Он любил этот старый, удобный, как расхоженная обувь, дом. Не бог весть какое приобретение на старости лет. Да к тому же еще не доведенное до ума. Уж ему-то, человеку дотошному по своей натуре, непростительна бесхозяйственность.
Купил дом вопреки мнению жены – как странно, оглядываясь сегодня на прошлое, он видит, что раньше чаще поступал именно так. Ему очень хотелось, а может, скорее, мечталось просыпаться утром в недолгие перерывы между очередными, то короткими – в несколько дней, то затяжными – до двух месяцев разъездами с командой, просыпаться в тихом домике, окруженном садом. И когда появились первые свободные деньги, он, не долго выбирая, купил этот домик в Салтыковке. Ему понравилось, что до Москвы подать рукой и в то же время зелено и тихо. Тихо было тогда. Теперь все как-то уплотнилось и вздыбилось: и домов стало побольше, и людей… А от соседнего Никольского да и со стороны Балашихи шагнули новые городские многоквартирные дома.

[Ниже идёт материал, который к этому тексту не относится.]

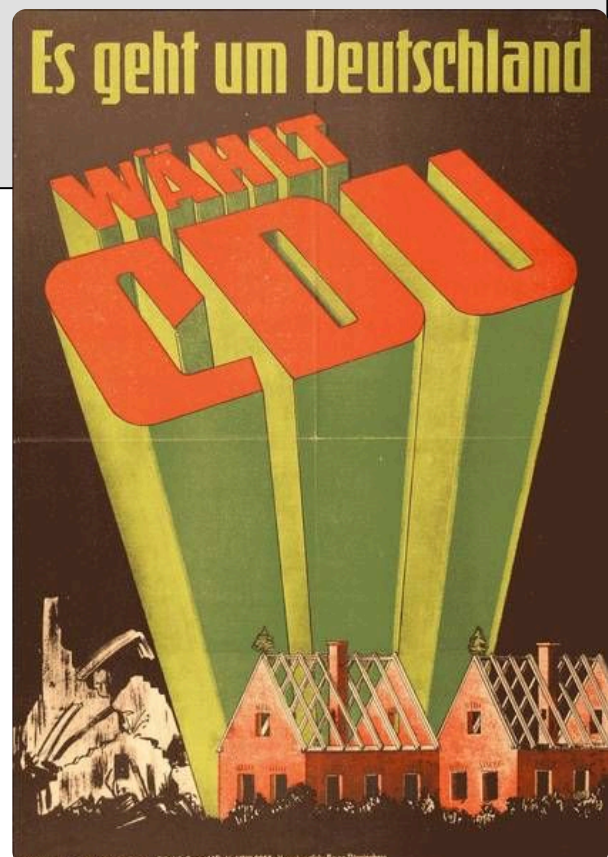
Q1 CDU-Wahlplakat der Bundestagswahl 1949

Damit ist das Plakat ein Medium der kommerziellen, kulturellen und politischen Öffentlichkeit und ein Instrument in der Konkurrenz um gesellschaftliche Aufmerksamkeit.

Но здесь, за старым, требовавшим немедленного капитального ремонта забором, с подгнившими столбами и набитыми на них кое-как досками, по-прежнему царил покой. Особенно сегодня. Жена обещала приехать лишь к обеду -у нее свои дела с золовкой. Может быть, после обеда нагрянет и сын: послезавтра он улетает в Лондон со своей футбольной командой.